Ruling Draws an Appeal From Civil Rights and Environmental Groups Challenging Special Legal Protections for Industrial Hog Operations
Individuals suffering negative recurring health and environmental impacts from open-air cesspits containing hog waste like feces, blood, urine, bone and other animal fluids, cannot sue industrial swine operations for nuisance, after a Dec. 23, 2020 decision from a three-judge Wake Superior Court panel dismissed constitutional challenges to the 2017 and 2018 amendments to North Carolina’s “Right to Farm” Act.
The plaintiffs in the constitutional challenge –the North Carolina Environmental Justice Network (NCEJN), Waterkeeper Alliance, and the Rural Empowerment Association for Community Help (REACH) represented by the Lawyers’ Committee for Civil Rights Under Law—appealed that decision to the N.C. Court of Appeals on Tuesday.
“While we are extremely disappointed in the superior court’s failure to uphold the North Carolina Constitution, we appeal to the higher court to ensure justice is served,” said NCEJN’s Naeema Muhammad. “We’ve been fighting the power this industry has over our lawmakers for a long time, so we are not afraid to hold out as long as it takes.”
“As individuals who have to live near these facilities, we don’t have money or power and must endure the stench and flies and buzzards and waste that comes into our homes, yards and communities,” said REACH’s Devon Hall. “But we’ve come together to ask the courts for justice: we believe the Constitution protects our private property rights the same as it does those of people with wealth and power.”
In the wake of lawsuits and multi-million-dollar verdicts against hog giant Smithfield Foods in favor of long-suffering neighbors of industrial hog operations (IHOs) in Eastern North Carolina for the adverse health, environmental, and quality of life impacts those operations cause, the North Carolina legislature adopted House Bill 467 (2017) and Senate Bill 711 (2018). These laws upended state nuisance law and undercut fundamental property rights to benefit the industry, giving it license to disregard harms it causes to neighbors. In 2019, NCEJN, REACH and Waterkeeper Alliance challenged those laws under three North Carolina constitutional provisions.
For decades, neighbors of IHOs, who are disproportionately communities of color in North Carolina, have been subjected to stench, noxious gases, particulate pollution, flies, buzzards, adverse health effects, and environmental damages stemming from these operations. Smithfield’s continued refusal to end its use of hog waste “lagoons” and sprayfields, and its failure to address other methods that harm those living within at least three miles of its operations, led to a 2013 lawsuit against Smithfield Foods, Inc.’s pork production subsidiary, Murphy-Brown, LLC for nuisance.
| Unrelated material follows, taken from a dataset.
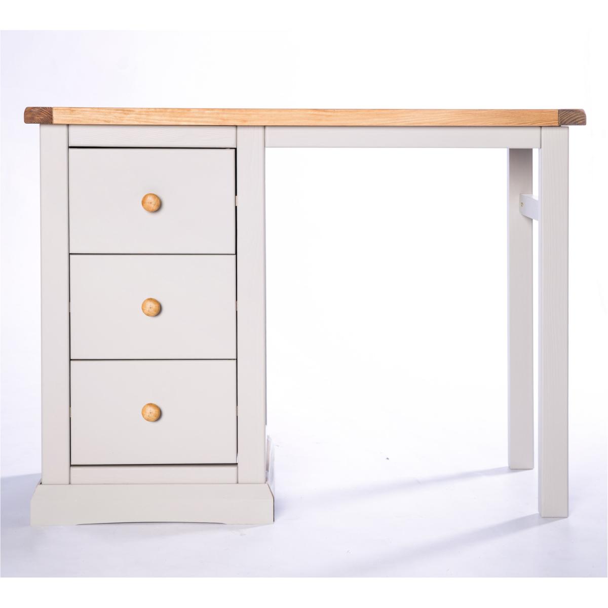Our Loreo collection has a simple but pleasing design and is produced by our skilled craftsmen to the highest standards using responsibly sourced wood and veneers. All tops are made using a combination of solid pine wood and veneers and are carefully hand waxed giving them a great look. The body is finished with high-quality eco-friendly water base paint in a light grey colour. A versatile 3-drawer desk dressing table for your home, the perfect multifunctional piece for your bedroom. The 3 drawers offer plenty of space for your belongings whether being used as a desk or dressing table. The pedestal part can be positioned to the left or right-hand side when assembling. Why not add the mirror and stool to complete your set These attributes combined with a simple construction for easy assembly makes it a great value product to be taken home today.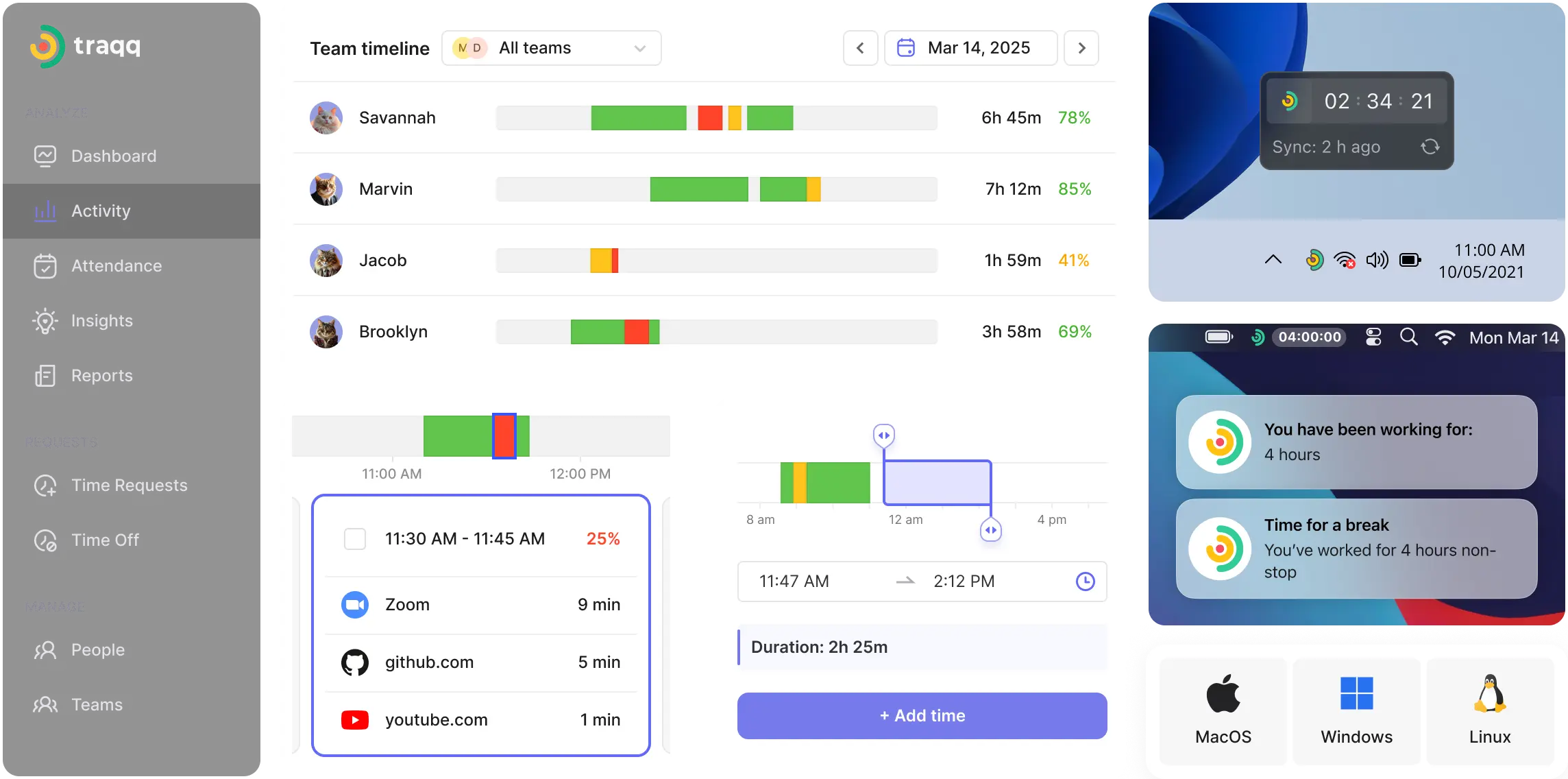 Track time seamlessly whether you’re online or offline with our lightweight tracker. Traqq runs smoothly on Windows, Mac and Linux without hogging your computer’s resources.

Five separate juries found the industry liable and awarded millions in damages to the plaintiffs. This past November, a decision in the United States Court of Appeals for the Fourth Circuit affirmed that Smithfield is liable for compensatory and punitive damages to neighbors of a hog farm it controlled.
In response, the N.C. General Assembly immunized IHOs from any legal liability. HB 467 eliminated plaintiffs’ ability to allege nuisance from agricultural operations to recover the range of traditional common law damages available to all other nuisance plaintiffs, such as damages for annoyance and mental or physical health conditions caused by the stench and pollution. SB 711 went even further, adding additional restrictions to even bringing a nuisance lawsuit and eliminating such claims against IHOs, insulating even negligent operations from liability, and severely limiting the availability of punitive damages. In its December 23 ruling, the panel of Superior Court judges rejected plaintiffs’ claim that the legislature violated the North Carolina Constitution’s guarantee of fundamental property rights, due process, and the right to a jury to determine compensatory damages in nuisance actions, as well as the constitutional limit on the General Assembly’s power to pass “special” or private laws concerning nuisance.
“Laws should protect North Carolinians from harm, not strip them of their constitutional rights,” said Daniel E. Estrin, Waterkeeper Alliance’s general counsel and advocacy director. “The courts have repeatedly ruled in favor of North Carolinians and their right to live free from dangerous industrial hog pollution. We won’t give up on this fight.”
“We believe that the appellate court will overturn this erroneous decision and find that the General Assembly exceeded the permissible scope of its authority with these laws, which violate the fundamental right to use and enjoy one’s land, one’s home,” said Elizabeth Haddix, managing attorney for the Lawyers’ Committee for Civil Rights Under Law. “Giving free license to one industry to unreasonably and substantially interfere with that right is unacceptable.”